Basic description of the genome formula distance metric

Intro

The genome formula is the set of relative frequencies for all virus genome segments. The GF for a genome with k segments is:

\(GF = \{f_1, f_2, [...], f_k\}\),

where f is the relative mean frequency of a segment, such that for the \(i^{th}\) segment \(f_j = c_j/\sum^k_{i=1}c_i\) and \(\sum^k_{i=1}f_i=1\). We previously proposed a simple metric for empirically observed genome formula values (Boezen et al., Front Virol 2023), the Euclidean distance between two genome formula observations a and b:

\(D_{a,b} = \sqrt{\sum^k_{i=1}(f_{a,i}-f_{b,i})^2}\).

One advantage of this metric is that it is easy to visualize and interpret. Moreover, simple and robust approaches such as PERMANOVA can be applied to genome formula data using existing software packages. Here we briefly consider some properties of this metric and consider some theoretical predictions for what values to expect for it.

Predicted genome formula distance values for random genome formula values

Most studies comment that there is considerable genome formula variation between virus populations. It is therefore interesting to explore how much genome formula variation is predicted for different conditions. We first consider the situation that the accumulation of different genome segments is random (and independent) for each segment. We use a numerical approach for estimating the mean distance between two such observations. We draw the value of accumulation for each segment from a uniform distribution covering the range of possible values - from 0 to some maximum (i.e., 1) - for two populations, and then determine the mean distance between them, \(D^{rand}_{a,b}\).

# First we write a function for predicting the mean GF distance based on the 
# number of genome segments, assuming the absolute frequency of each segments 
# is drawn from a uniform distribution. Because we are comparing pairs of 
# GF observations, there are two arrays generated.
predict.gf.dist <- function(gen.seg, num.iter) {
  sim.result.1 <- array(NA, dim = c(num.iter, gen.seg)) # Array for storing the 
                                                        # absolute frequencies
                                                        # for GF Obs 1.
  n.sim.result.1 <- sim.result.1  # For relative freqs of GF Obs 1.
  sim.result.2 <- sim.result.1    # For absolute freqs of GF Obs 2.
  n.sim.result.2 <- sim.result.1  # For relative freqs of GF Obs 2.
  
  # Draw values for the absolute frequencies from a uniform distribution, 
  # determine the sum of each row and then determine the relaive frequencies. 
  # Note that with the standard parameter settings runif() draws values 
  # *between* 0 and 1, rendering the desired range.
  for(i in 1:gen.seg) {
    sim.result.1[,i] <- runif(n = num.iter, min = 0, max = 1)
    sim.result.2[,i] <- runif(n = num.iter, min = 0, max = 1)
  }
  
  sum.rows.1 <- rowSums(sim.result.1)
  sum.rows.2 <- rowSums(sim.result.2)
  
  for(i in 1:gen.seg) {
    n.sim.result.1[,i] <- sim.result.1[,i]/sum.rows.1
    n.sim.result.2[,i] <- sim.result.2[,i]/sum.rows.2 
  }  
  
  # Determine the euclidean distance between all corresponding GF observations.
  gf.dist = sqrt(rowSums((n.sim.result.1 - n.sim.result.2)^2))

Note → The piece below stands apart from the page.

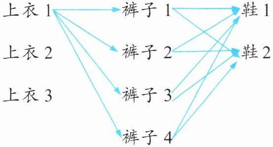 选择上衣1,裤子有4条,就有4种搭配方法,再搭配上鞋1或鞋2,就有 $ (4 × 2) $ 种搭配方法,上衣一共有3件,那么一共有 $ 3 × 4 × 2 = 24 $ (种)搭配方法。

  # Determine and return the mean distance
  return(mean(gf.dist))
}
  
# Set parameters for the  example, and make arrays to store the result.
virus.seg.range <- 2:10 # The range of number of segments to be explored. For
                        # simplicity the model will assume a balanced GF.
num.iter.1 <- 10^6      # The number of times to iterate the process
set.seed(666)           # Set random seed for reproducibility

# Now run the prediction for each value of the number of genome segments, and
# generate an array to store all results (i.e., some columns will not be used 
# yet here.)
num.virus.seg <- length(virus.seg.range)
comb.res <- array(data = NA, dim = c(num.virus.seg, 4))
colnames(comb.res) = c("Num_gen_seg", "Dist_Random", "Dist_Pois", "Lambda")
comb.res[,1] <- virus.seg.range

for(i in 1:num.virus.seg){
  comb.res[i,2] = predict.gf.dist(gen.seg = virus.seg.range[i], num.iter = num.iter.1)
}

# Plot the results.
plot(x = comb.res[,1], y = comb.res[,2], xlab = "Number of genome segments", 
  ylab = expression("Mean genome formula distance"), 
  type = "b", col = "blue", pch = 17, frame = FALSE, ylim = c(0, 0.5), 
  xlim = c(2, max(virus.seg.range)))

The expected random genome formula distance is therefore expected to increase slightly as the number of segments increases from 2 to 3, but steadily decreases when the number of segments increases above 3. The decrease in predicted distance with increasing segment number occurs because of reversion to the mean when sampling multiple segments. The slight increase in predicted distance between 2 and 3 segments is perhaps associated with a measurement with a single or multiple degrees of freedom. (I.e., we only need one relative frequency to represent the genome formula of a bipartite virus, as all genome formula values can be represented by a line in 2-dimensional segment-frequency space as illustrated in Figure 1 in the main paper.)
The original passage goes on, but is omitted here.